Itulah sebagian gambaran tingkat kesejahteraan rakyat Indonesia yang
perlu mendapat perhatian sungguh-sungguh untuk diatasi. Apalagi Indonesia sudah
terikat dengan kesepakatan global untuk mencapai Millennium Development Goals
(MDG's) dengan mengurangi jumlah penduduk yang miskin dan kelaparan serta
menurunkan angka kematian balita menjadi tinggal separo dari keadaan pada tahun
2000.
Perjalanan sejarah bangsa-bangsa di dunia menunjukkan bahwa
kualitas sumber daya manusia terbukti sangat menentukan kemajuan dan
keberhasilan pembangunan suatu negara-bangsa. Terbentuknya sumber daya manusia
yang berkualitas, yaitu sumber daya manusia yang sehat, cerdas, dan produktif
ditentukan oleh berbagai faktor. Salah satu faktor yang sangat esensial adalah
terpenuhinya kebutuhan pangan yang bergizi.
I.2 Tujuan
Penelitian ini ditujukan untuk mengetahui kadar ataupun
tingkat pangan yang dapat mempengaruhi gizi di Indonesia.
BAB II
TINJAUAN PUSTAKA
Permintaan pangan yang tumbuh lebih cepat dari produksinya
akan terus berlanjut. Akibatnya, akan terjadi kesenjangan antara kebutuhan dan
produksi pangan domestik yang makin lebar.
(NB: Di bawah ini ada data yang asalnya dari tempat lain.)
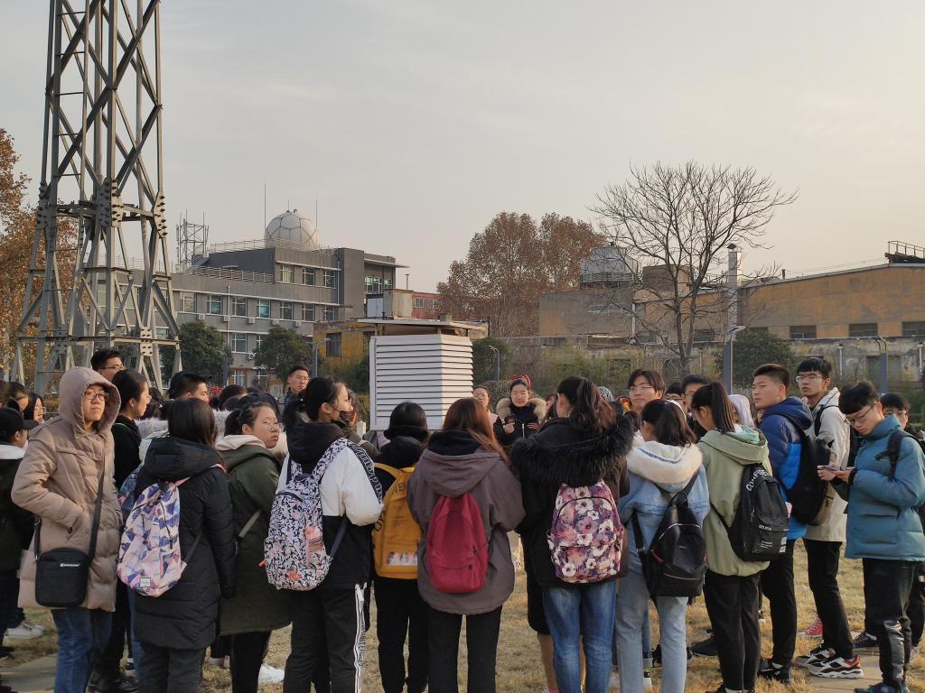 在气象观测场,通过工作人员的介绍,同学们认识了很多野外常用的气象观测仪器,补充了实验室仪器的种类,丰富了同学们对气象观测方式方法的认知。目前很多气象数据的观测已实现了自动化观测,在了解自动化观测的气象观测仪器的同时,让同学们体会到科技创新的优点和必要性。

Penyebab utama kesenjangan itu
adalah adanya pertumbuhan penduduk yang masih relatif tinggi, yaitu 1,49 persen
per tahun, dengan jumlah besar dan penyebaran yang tidak merata.
Dampak lain dari masalah kependudukan ini adalah
meningkatnya kompetisi pemanfaatan sumber daya lahan dan air disertai dengan
penurunan kualitas sumber daya tersebut. Hal ini dapat menyebabkan kapasitas
produksi pangan nasional dapat terhambat pertumbuhannya.
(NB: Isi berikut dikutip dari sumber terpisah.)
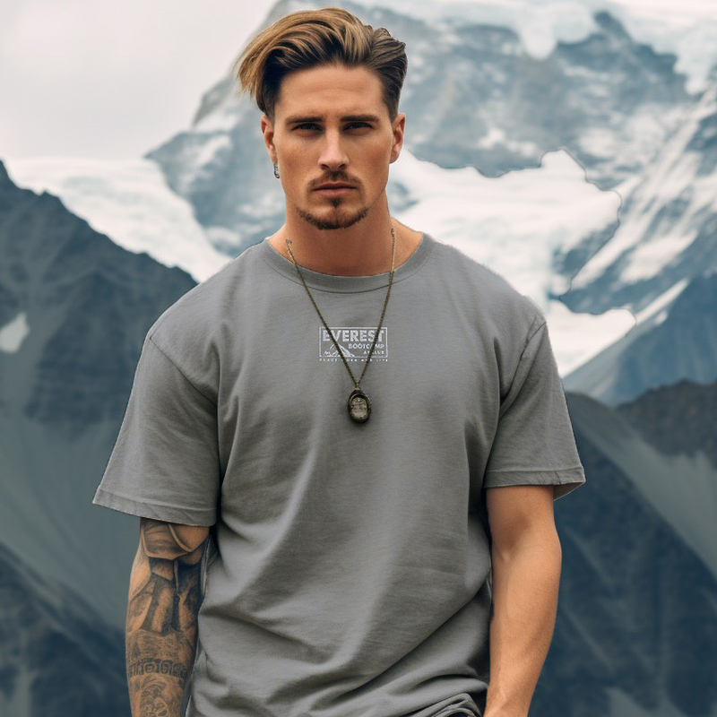 AK男装夏季新款复古珠峰BootCamp洗旧印花落肩纯棉圆领短袖T恤男

Rendahnya konsumsi pangan atau tidak seimbangnya gizi
makanan yang dikonsumsi mengakibatkan terganggunya pertumbuhan organ dan
jaringan tubuh, lemahnya daya tahan tubuh terhadap serangan penyakit, serta
menurunnya aktivitas dan produktivitas kerja.
Pada bayi dan anak balita, kekurangan gizi dapat
mengakibatkan terganggunya pertumbuhan dan perkembangan fisik, mental dan
spiritual. Bahkan pada bayi, gangguan tersebut dapat bersifat permanen dan
sangat sulit untuk diperbaiki. Kekurangan gizi pada bayi dan balita, dengan
demikian, akan mengakibatkan rendahnya kualitas sumber daya manusia.
Oleh karena itu pangan dengan jumlah dan mutu yang memadai
harus selalu tersedia dan dapat diakses oleh semua orang pada setiap saat.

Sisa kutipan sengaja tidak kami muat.